Para fazer o levantamento, o professor consultou 11 turmas, que tinham em média 40 alunos cada. Segundo Rosa, a maior parte dos estudantes da escola é afrodescendente. O projeto atende à lei 10.639/03, que trata da inclusão do ensino de história e cultura afro-brasileira no currículo escolar.
Depois da listagem, o próximo passo foi montar um painel e discutir em sala o uso dos termos racistas entre os adolescentes. A partir daí surgiu, no fim de 2009, o projeto “Qual é a graça”, que visa também ensinar sobre escravidão no Brasil, a Revolta das Vassouras (uma rebelião de escravos ocorrida em 1838) e o seu principal protagonista, Manuel Congo, um desconhecido dos alunos.

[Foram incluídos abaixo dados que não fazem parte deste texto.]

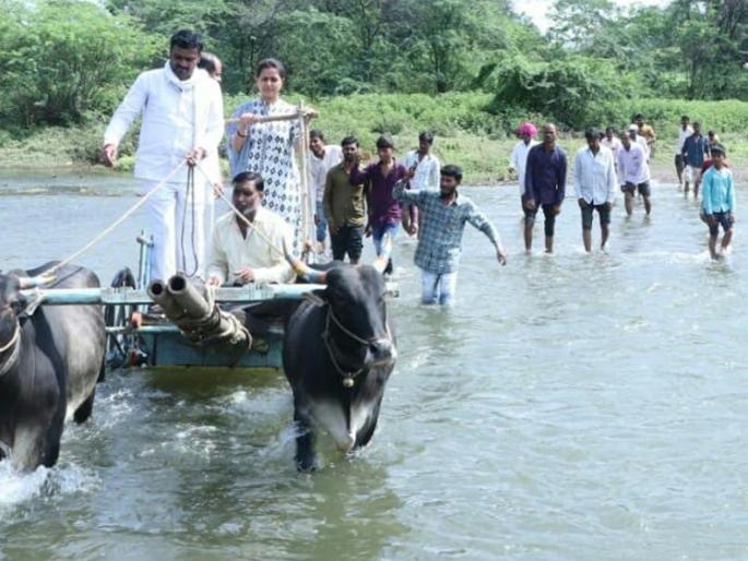 बीड : परतीच्या पावसाने महाराष्ट्रासह बीड जिल्ह्यात तीन आठवड्यासापूसन थैमान घातले आहे. तीन वर्षांपासून दुष्काळात होरपळणाºया शेतक-यांचा पाण्याचा प्रश्न मिटला असला तरी, अतिवृष्टीमुळे खरीप हंगाम हातचा गेला आहे. कापूस, सोयाबीन, मका, बाजरी या पिकांचे नुकसान झाले आहे. या परिस्थितीत लोकप्रतिनिधी व शासन शेतकºयांच्या पाठीशी खंबीरपणे उभा आहे. विमा कंपनीच्या सर्व जाचक अटी व नियमांची कोणतीही काळजी नये. नुकसानग्रस्त प्रत्येक शेतक-याच्या खात्यावर शासनाचे अनुदान जमा पोहचेल, असे मत खासदार डॉ. प्रीतम मुंडे यांनी व्यक्त केले.जिल्ह्यातील नुकसान झालेल्या पिकांची पाहणी खा.मुंडे यांनी केली. बीड तालुक्यातील पेंडगाव, माळापुरी, औरंगपूर, भाटसांगवी, वाकनाथपूर, उंब्रज खालसा, नागपूर, इट, पिंपळनेर, ताडसोन्ना या गावांचा दौरा त्यांनी दौरा केला. यावेळी आ. लक्ष्मण पवार, भाजपा युवा राजेंद्र मस्के यांची देखील उपस्थिती होती.राजेंद्र मस्के यांनी यांनी देखील शेतक-यांशी संवाद साधला. शेतकºयांना धीर देत विमा असो अथवा नसो प्रत्येक शेतकºयांला नुकसान भरपाई मिळण्यासाठी शासनाकडे मागणी केल्याचे सांगितले. नुकसानग्रस्त शेतक-यांना अनुदान मिळवून देण्यासाठी सर्व लोकप्रतिनिधी प्रयत्नशील आहेत. दुष्काळात तीन वर्षांपासून पिचलेल्या शेतकरी वर्गाचा आर्थिक कणा खरीप हंगाम गेल्याने नेस्तनाबूत झाला आहे. पावसाच्या आगमनाने शेतकरी वर्ग सुखावला होता परंतु अतिवृष्टीमुळे पिकांचे नुकसान झाले आहे. कर्जाच्या ओझ्यातही नवी भर पडल्याने शेतकरी शेतमजूर त्रस्त झाला आहे. अशा अस्मानी संकटात सापडलेल्या शेतकरी बांधवांना सरसकट कर्जमाफी दिली तर ती नवसंजीवनी ठरेल अशी आशा राजेंद्र मस्के यांनी यावेळी व्यक्त केली. तसेच खा. डॉ. प्रीतम मुंडे यांनी हा मुद्दा लोकसभेत उपस्थित करावा आणि शेतकºयांना अनुदान लवकरात लवकर मिळवून द्यावे, अशी मागणी त्यांनी केली.मुंडे यांनी बैलगाडीतून केली पाहणीपिकांची पाहणी करण्यासाठी एका नदीतून बैलगाडीच्या सहाय्याने डॉ.प्रीतम मुंडे यांनी प्रवास केला. व नदी ओलांडून वाकनाथपूर येथील शेतक-यांशी संवाद साधल्याने येथील ग्रामस्थांना दिलासा मिळाला. तसेच अनेकांनी खा. मुंडे यांच्यापुढे त्यांचे प्रश्न मांडले. यावेळी त्यांनी देखील मोकळेपणाने या सर्व प्रश्नांचे निराकारण केले. तसेच शासनाला परिस्थितीची जाणीव असून सर्वांना नुकसानभरपाई मिळेल असे आश्वासन त्यांनी उपस्थितांना दिले.

Aluno pinta o painel com os nomes dos 200 escravos que pertenciam ao mesmo dono de Manuel Congo, protagonista da Revolta de Vassouras Assim, o quintal da escola virou uma homenagem a 200 escravos que pertenciam ao mesmo dono de Congo –que morreu enforcado na cidade de Vassouras (RJ) durante a rebelião dos negros. Os nomes dos personagens foram gravados em pequenos pedaços de mármore e cada um deles foi “apadrinhado” por um aluno. Há outras 40 pedras com a inscrição “Deus sabe o nome”, uma referência aos escravos não identificados.

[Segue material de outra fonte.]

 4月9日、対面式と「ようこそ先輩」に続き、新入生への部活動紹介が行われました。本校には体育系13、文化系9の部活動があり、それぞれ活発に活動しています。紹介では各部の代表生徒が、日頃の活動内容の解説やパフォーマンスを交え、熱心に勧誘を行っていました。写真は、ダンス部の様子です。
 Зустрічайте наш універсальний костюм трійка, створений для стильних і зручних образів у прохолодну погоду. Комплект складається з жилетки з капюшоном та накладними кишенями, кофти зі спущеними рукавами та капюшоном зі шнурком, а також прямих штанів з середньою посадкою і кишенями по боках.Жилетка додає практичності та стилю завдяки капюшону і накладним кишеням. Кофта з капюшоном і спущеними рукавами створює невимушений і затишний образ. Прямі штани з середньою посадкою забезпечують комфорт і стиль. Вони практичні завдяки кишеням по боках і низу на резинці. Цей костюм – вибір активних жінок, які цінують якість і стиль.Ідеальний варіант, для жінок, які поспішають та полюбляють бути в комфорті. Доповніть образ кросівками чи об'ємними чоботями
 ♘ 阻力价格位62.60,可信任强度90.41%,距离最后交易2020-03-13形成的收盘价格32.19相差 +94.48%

“Também criamos o ‘canteiro navio’, onde os alunos plantam e acompanham as espécies por 60 ou 90 dias, que era o tempo que dois navios negreiros demoravam para chegar ao Brasil e em que os escravos permaneciam acorrentados”, diz o professor.

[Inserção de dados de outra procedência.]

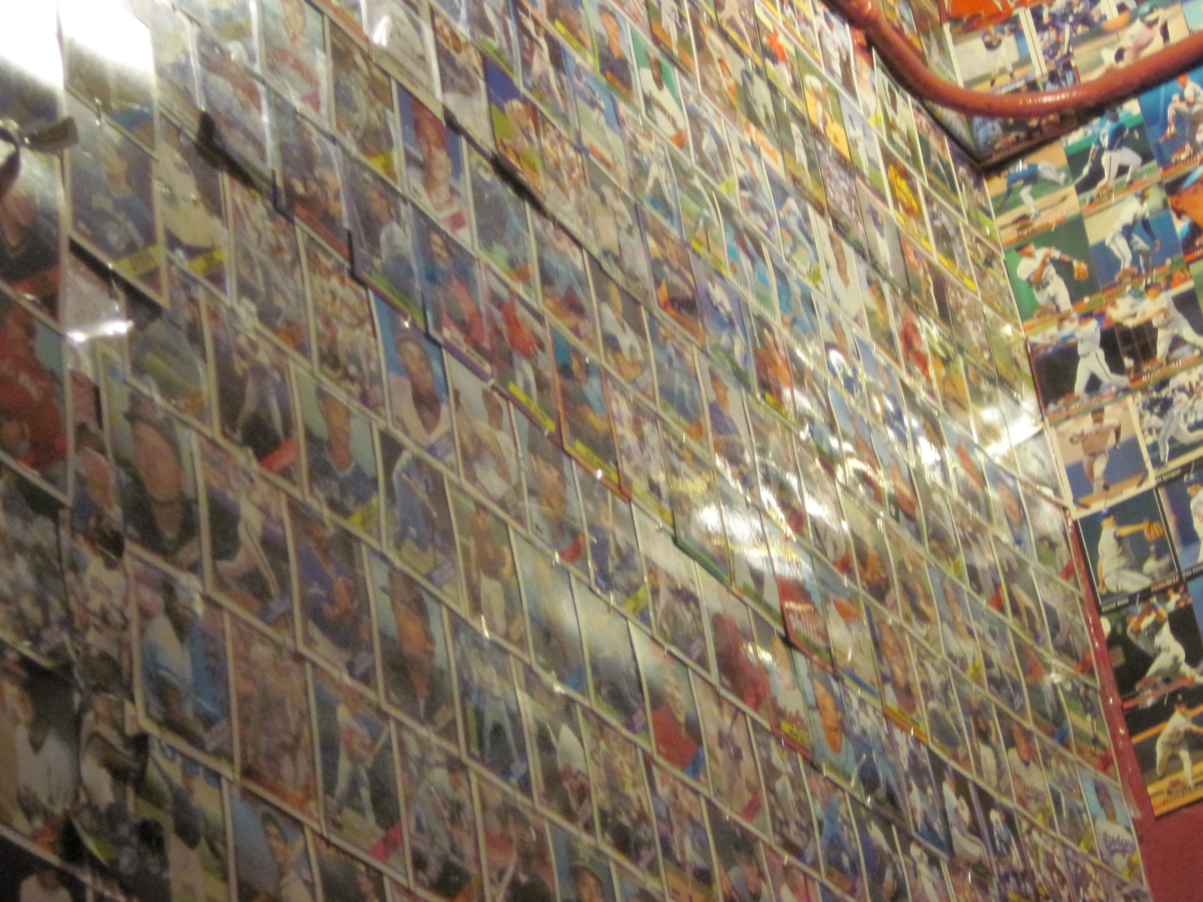 Foley’s is known as “An Irish pub with a Baseball Attitude!” There is sports memorabila all through Foley’s from all sports, but there is more baseball than any other sport. The walls are filled with autographed baseballs in cases, they are arranged in sections, “Perfect Game”, “No Hitter” and so on. Near the ceiling are seats from Camden Yards, Shea Stadium, Fenway and Yankee Stadium. The ladies room is downstairs and on the walls going down there are baseball cards, the walls are completely covered with them. The menu has specials relating to different baseball teams and there are a couple that if you order them, a portion of the profits is donated to that player’s or team’s charity. “Swish and Chips” gives money to Swish’s Wishes and “Dave Robertson Chicken Pot Pie” (which is really good) gives money to High Socks for Hope. There could be others, but I don’t remember.

Aos poucos, o quintal abandonado da escola ganhou vida e hoje virou um espaço multidisciplinar da escola, que tem cerca de 1.200 alunos do 6º ao 9º ano do ensino fundamental e EJA (Educação de Jovens e Adultos). O jardim tem mais de 300 espécies vegetais e é visitado por 20 espécies de borboletas. Há plantas relacionadas à história, como a pau-brasil, e à literatura, como a laranja-lima, entre outras matérias exploradas no espaço.
Após mais de quatro anos de projeto, o professor diz que o resultado é perceptível na comunidade escolar: houve redução do bullying e das brigas entre alunos. “O Qual é a graça vai além da questão racial, busca o bom convívio e o combate ao preconceito de todas as formas”, afirma Rosa.